Date: Fri, 08 Apr 2011 14:16:05 +0200	[thread overview]
Message-ID: <4D9EFC85.3040301@bsd.lv> (raw)
In-Reply-To: <4D9EEF2F.2030307@bsd.lv>

[-- Attachment #1: Type: text/plain, Size: 940 bytes --]

> Step 2.
>
> This finishes off the new escape-sequence parser and puts it into
> mandoc_escape (mandoc.c, mandoc.h), then makes it the underlying engine
> for a2roffdeco (out.c) (requiring a tiny change to term.c and html.c for
> bailing out on bad sequences) and roff_res (roff.c).
>
> Now all escape-sequences are being parsed with the same engine!
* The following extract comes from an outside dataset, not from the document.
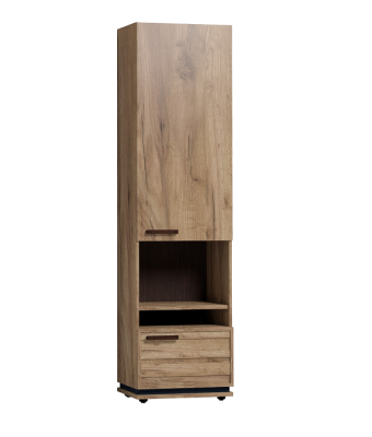 Благородный древесный оттенок шкафа, контрастирующий с черными ручками из массива дерева, подойдет к большинству цветовых решений – мебель будет легко комбинировать с другими предметами. Высокий шкаф МЦН удобен своей функциональностью и эргономичностью конструкции. На открытой полке разместите фотографии или элементы декора, а за глухими фасадами спрячьте документы и ценные вещи от посторонних глаз. Регулируемые опоры шкафа позволят компенсировать незначительные неровности пола.
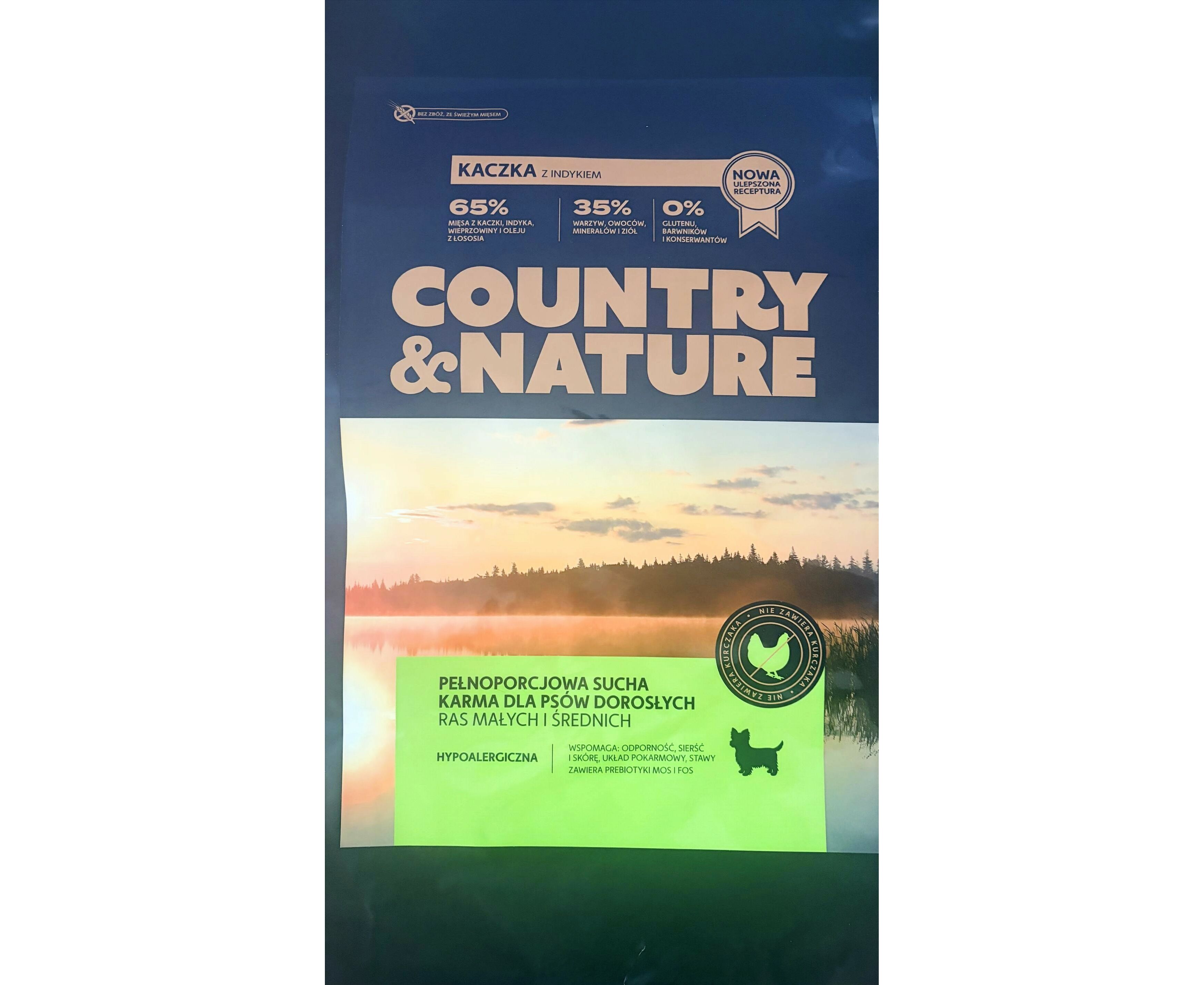 Karma COUNTRY&NATURE Kaczka z Indykiem to pełnoporcjowa sucha karma dla psów dorosłych ras małych i średnich.

This
> logic was being repeated in THREE different places, earlier (mandoc.c
> for validation, out.c for output, and roff.c for predefined escapes).
>
> I've run this over all manuals I know of without problems, but it can
> really use a close look-over with border cases.
>
> The next step is to clean out the out.c code, completely removing enum
> roffdeco (putting that logic into mandoc.c, perhaps).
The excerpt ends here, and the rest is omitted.